• [DATA SEGMENT]:
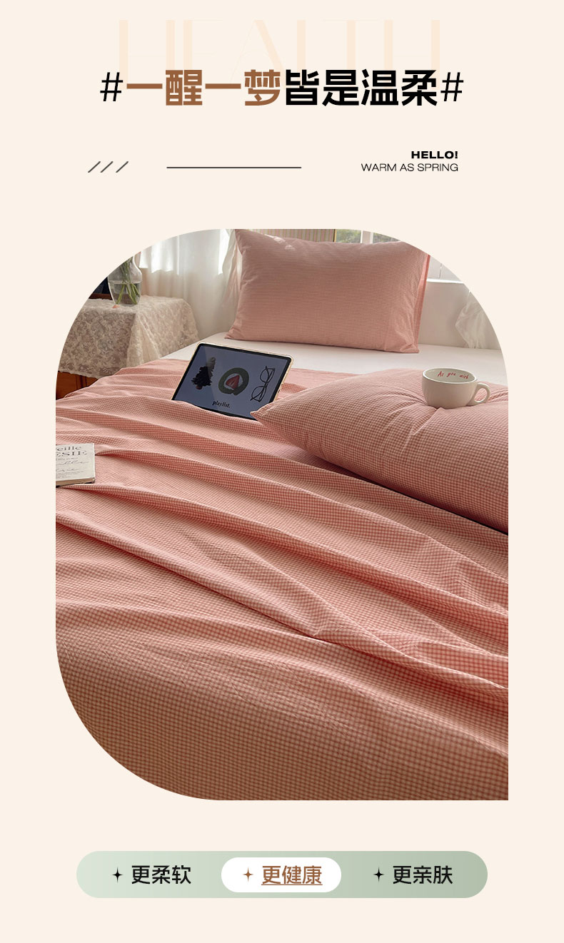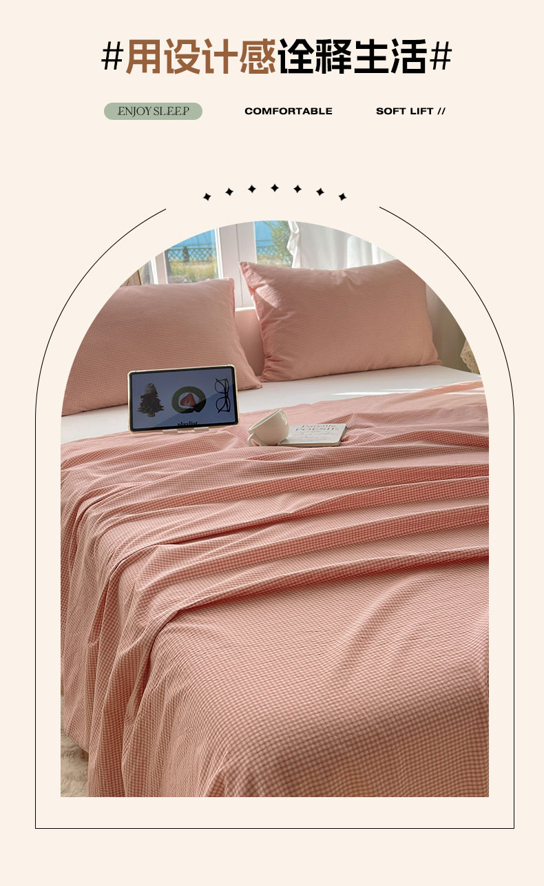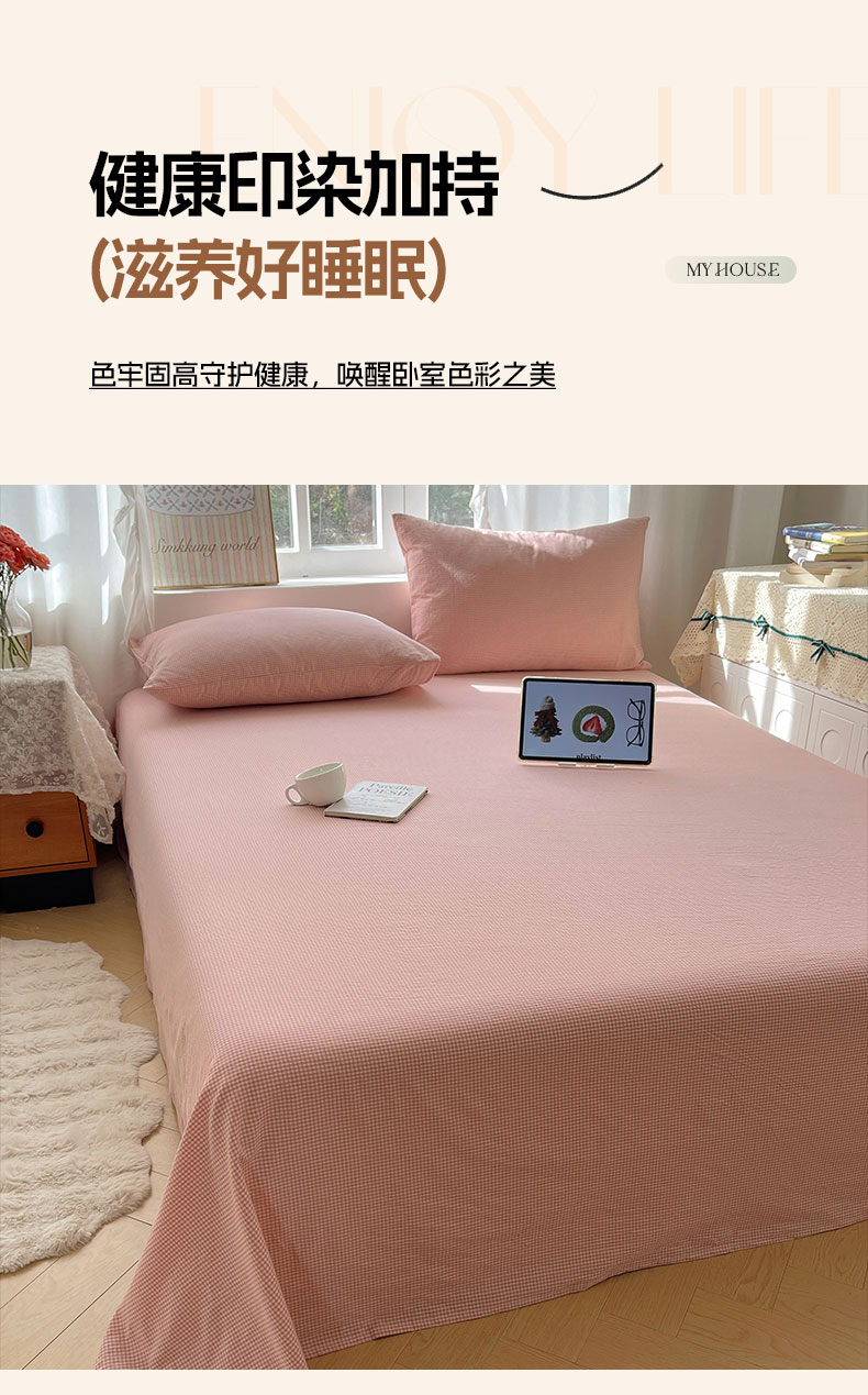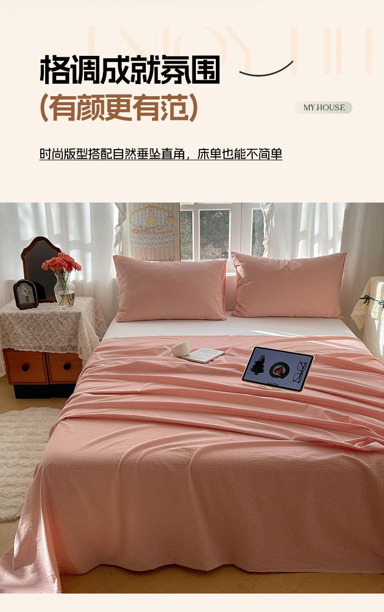 商品名称:六巷胡同 2026新款A类全棉纯棉水洗棉色织格子单品床单 床单单件 觅影-粉格
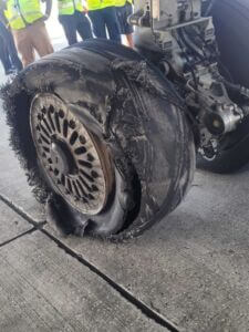 forced to make an emergency landing at the airport on Tuesday morning after one of its tyres blew out shortly after takeoff, airport officials confirmed.
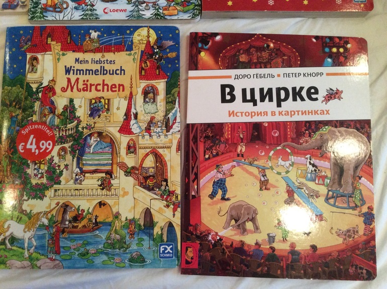 У меня вопрос / Дайте совет /Помогите выкупитьВсем привет! Помогите пожалуйста советом! Муж в ноябре едет в Германию, и я конечно же первым делом подумала, что бы нам оттуда нужно?) Конечно виммельбух! Что ещё везти из Германии?! У нас пока только Зимняя книга, дочка (3,2 года) недавно воспылала к ней любовью, поэтому серию докупать будем. Немецких виммельбухов великое множество, глаза разбежались! Но чемодан у мужа, как кстати и кошелёк, не резиновый) поэтому посоветуйте самые-самые книжки-глядели пожалуйста! Немецкий я не знаю, поэтому желательно минимум подписей, а лучше совсем без них. И ещё, муж будет в Гмабурге один-два дня и в Дюссельдорфе, может кто-нибудь посоветует крупный магазин, чтобы его туда отправить. А то ворчать же будет, что за моими книгами полгорода оббежал)))) Или ещё хуже, не найдёт! А так вручу список с фото и адрес, точно не отвертится!))))
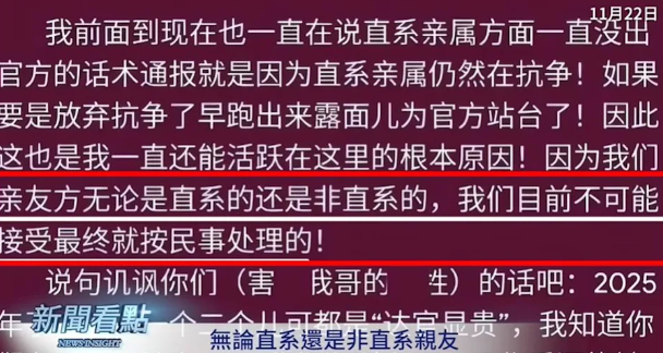 撰写人表示自己有医学背景,质疑「于朦胧工作室做为一个第三方的私人商业机构,有什么资格来通报自然人的身亡?」,坦言从来没有看过有私人企业去通报死亡过,信内透露,目前直系亲属还没有官方的通报,就是因为直系亲属仍然在抗争当中」,强调不论直系或者非直系亲友,都不可能接受案件最后以民事处理,痛批「这是条人命,杀人偿命天经地义,要知道在所有血海深仇中,『命案』是被排到最前面的!你们这些狗腿子营消耗也会被我们开盒的,我们宁可杀错也绝不放过,所以你们最好晚上庆幸自己能睡得着吧」

• [WORK ITEM]: Please quote the lines of the material, beginning with the first and ending with the one that contains "forced to make", exactly as written and without any pictures.

• [ANSWER FOR THIS EXERCISE]:
 商品名称:六巷胡同 2026新款A类全棉纯棉水洗棉色织格子单品床单 床单单件 觅影-粉格
 forced to make an emergency landing at the airport on Tuesday morning after one of its tyres blew out shortly after takeoff, airport officials confirmed.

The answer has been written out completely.